As UK scaleups move into a more disciplined era of growth, one thing is becoming increasingly clear: the next phase of competition won’t just be for customers or capital, it will be for skills.
Hiring plans are tightening, investment scrutiny is sharper, and “growth at all costs” is firmly behind us. In this environment, scaleups that win won’t necessarily be the ones that hire the most people — but the ones that hire the right people.
So, what skills will scaleups be fighting over in the next 24 months?
Drawing on insights from LinkedIn, the World Economic Forum, McKinsey & Company, and the UK startup ecosystem, here’s what we’re seeing.
1. AI-Literate Operators (Not Just Engineers)
AI talent is no longer limited to data scientists and machine learning engineers. The real demand is shifting toward AI-literate operators: people who can apply AI meaningfully within business functions.
According to the World Economic Forum’s Future of Jobs Report, AI and big data roles are among the fastest-growing globally, but equally important are roles that can translate AI into commercial outcomes.
For scaleups, this means hiring people who can:
- Embed AI into product, operations, or decision-making
- Improve efficiency without overengineering
- Understand AI’s limitations as well as its potential
These hires sit at the intersection of tech, product, and strategy — and they’re already in short supply.
2. Commercial Leaders Who Can Scale Revenue (Sustainably)
Growth-stage businesses are moving away from top-line vanity metrics and toward profitable, repeatable revenue models.
McKinsey research highlights that companies which align commercial strategy with execution significantly outperform peers during scale. As a result, demand is rising for:
- Heads of Sales and Revenue with scaleup experience
- Commercial leaders who can build systems, not just close deals
- GTM operators who understand longer buying cycles and buyer scrutiny
These leaders are especially critical post-Series A or post-investment, when expectations increase and tolerance for inefficiency drops.
3. Product Leaders Who Build for Scale, Not Speed
Product-market fit might get you noticed — but product discipline keeps you growing.
Scaleups are increasingly seeking product leaders who can:
- Balance customer feedback with long-term roadmap decisions
- Build scalable, resilient products rather than quick fixes
- Collaborate closely with engineering, commercial, and leadership teams
LinkedIn’s Jobs on the Rise data consistently shows strong demand for senior product roles, reflecting how central product thinking has become to sustainable growth.

4. Operational Talent That Reduces Complexity
As teams grow, complexity creeps in and many scaleups feel it before they’re ready.
We’re seeing increased demand for operators who can:
- Build processes without killing agility
- Introduce structure at the right time (and not too early)
- Improve cross-functional efficiency
Roles in operations, finance, people, and delivery are becoming strategic hires, not just support functions. These skills are particularly valuable in PE-backed or VC-backed environments where operational readiness directly impacts valuation.
5. People & Culture Leaders Who Can Scale Humans, Not Just Headcount
The World Economic Forum highlights leadership, resilience, and people management as critical future skills — and this is playing out clearly in scaleups.
As businesses grow quickly, founders often become bottlenecks. Scaleups are increasingly fighting for:
- People leaders who can build culture intentionally
- Managers who can lead through ambiguity and change
- Talent specialists who understand both hiring and retention
Culture debt, like technical debt, compounds fast and fixing it later is costly.

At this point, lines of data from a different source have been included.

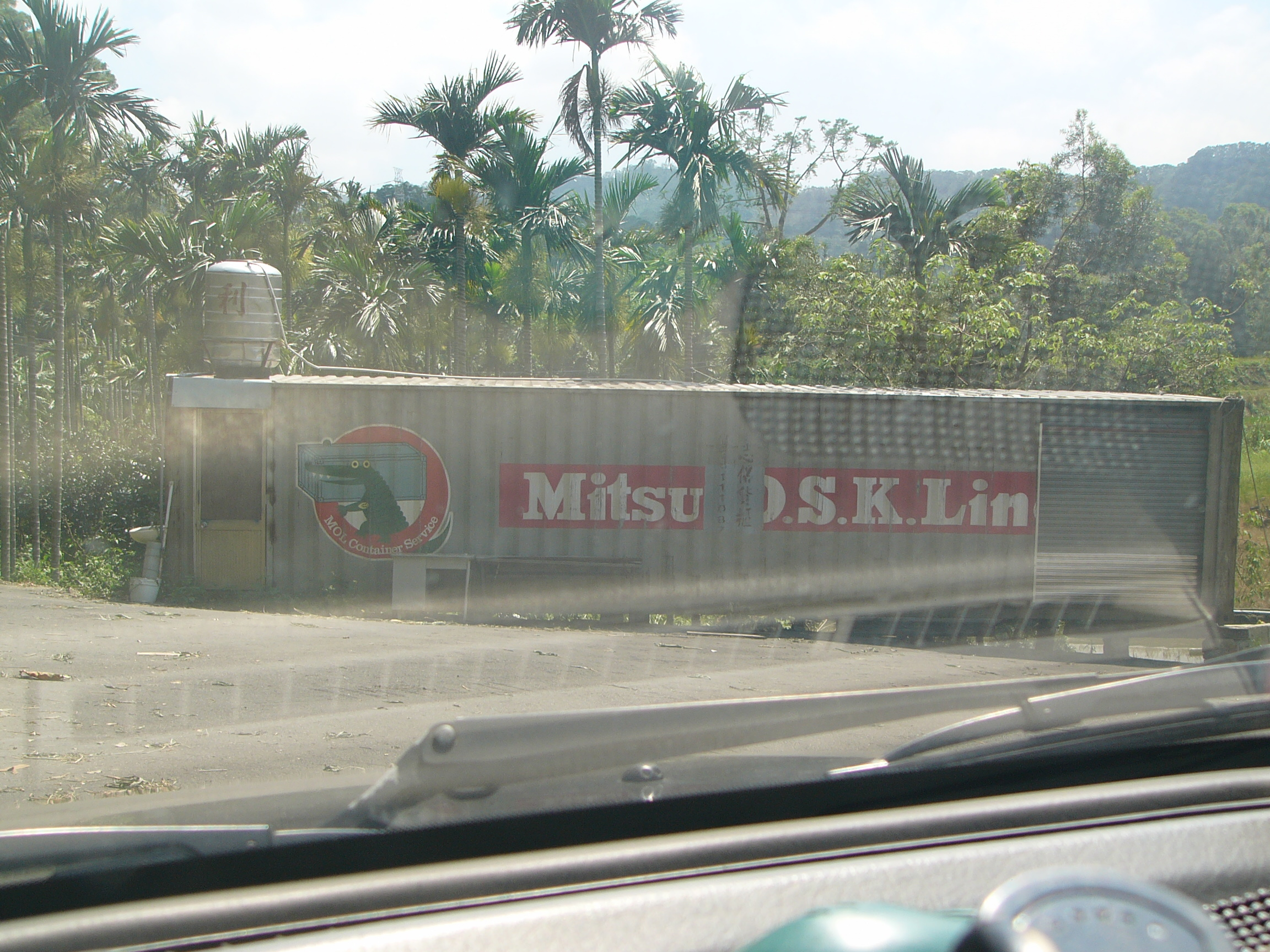 A Mitsui OSK Lines container. Its logo is a crocodile carrying a container. The container in this picture has been modified as a stockroom. Photo by Ellery Cheng at San-yi, Miao-li county, Taiwan.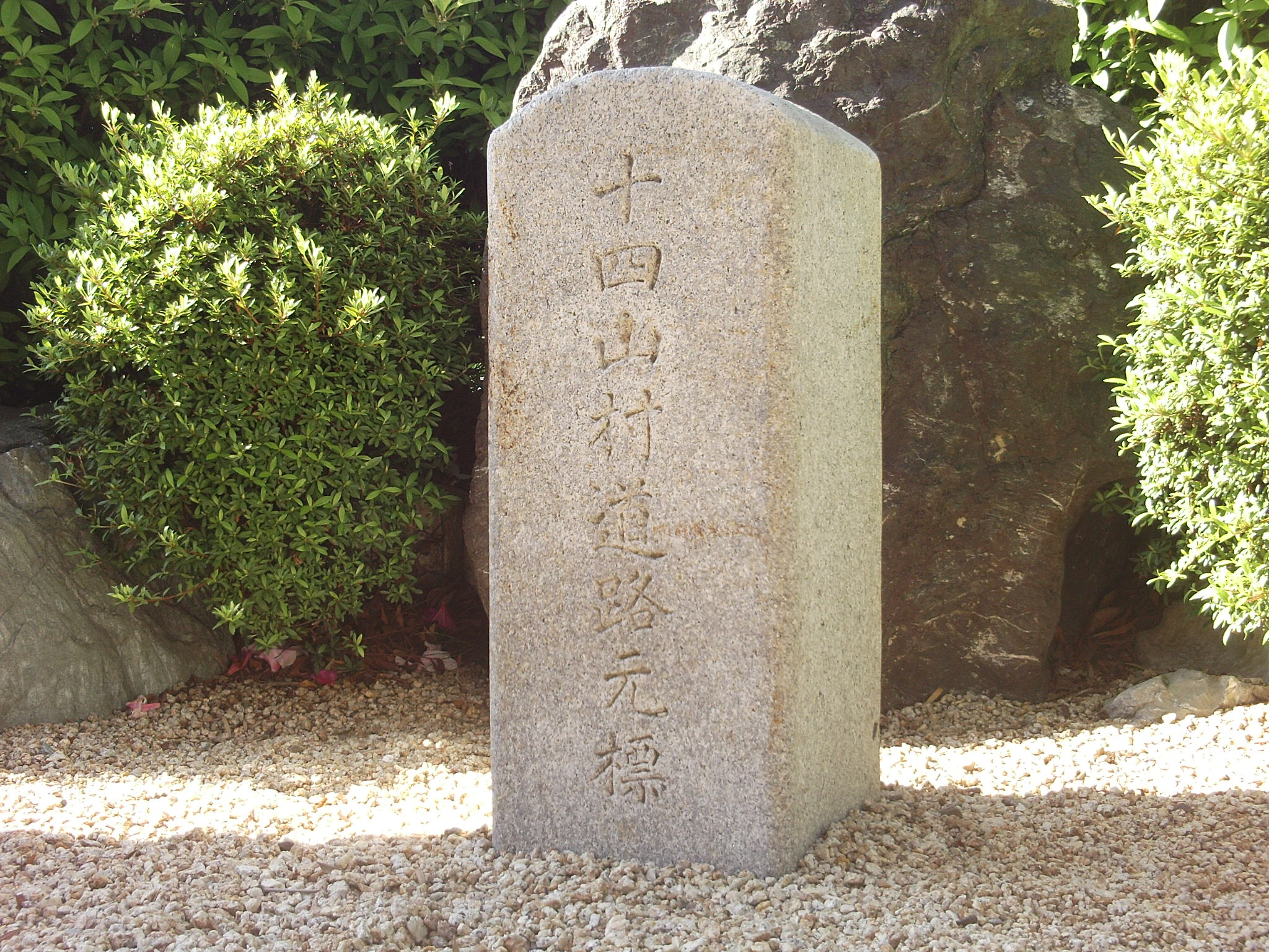 Kilometre zero of Jushiyama village. (Jushiyama village, Ama-gun, Aichi.)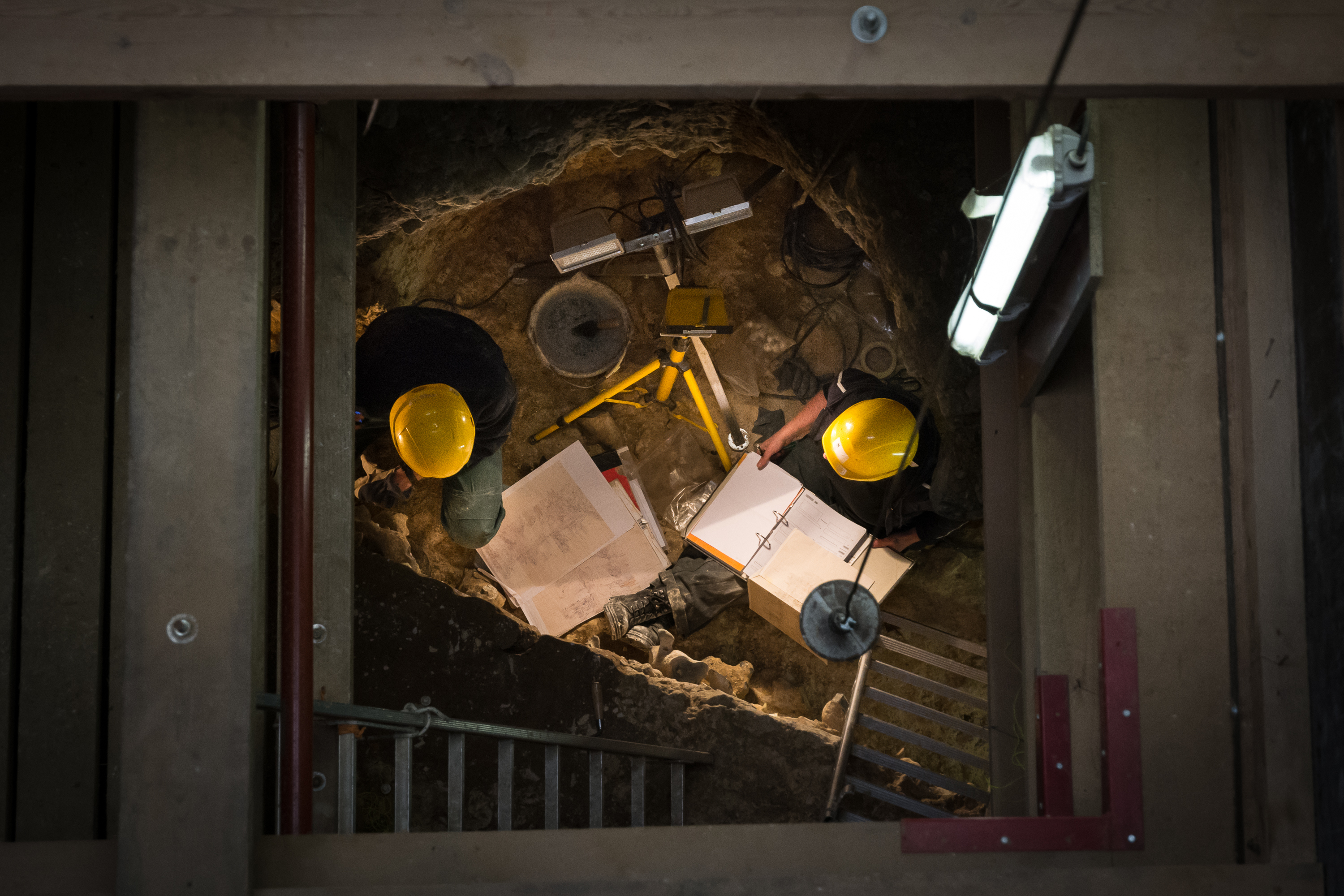 Neolithic Flint Mines at Spiennes

6. Hybrid Skillsets (The Real Competitive Advantage)
Perhaps the biggest shift we’re seeing is a move away from narrow specialists toward hybrid talent.
According to McKinsey, organisations that outperform during periods of uncertainty tend to have leaders with cross-functional fluency — people who understand how decisions ripple across product, people, and performance.
Examples include:
- Commercial leaders with strong data literacy
- Product managers with customer and revenue insight
- Founders hiring “builders” rather than pure executors
These profiles are harder to find — which is exactly why they’re becoming so valuable.
What This Means for Scaleups
The next 24 months will reward scaleups that:
- Hire intentionally, not reactively
- Invest in capability, not just capacity
- Align talent decisions with long-term growth strategy
At The Small Consultancy, we work with high-growth businesses at this exact inflection point — helping founders and leadership teams design talent strategies that support sustainable scale, not short-term fixes.
Because in today’s market, who you hire and when, matters more than ever.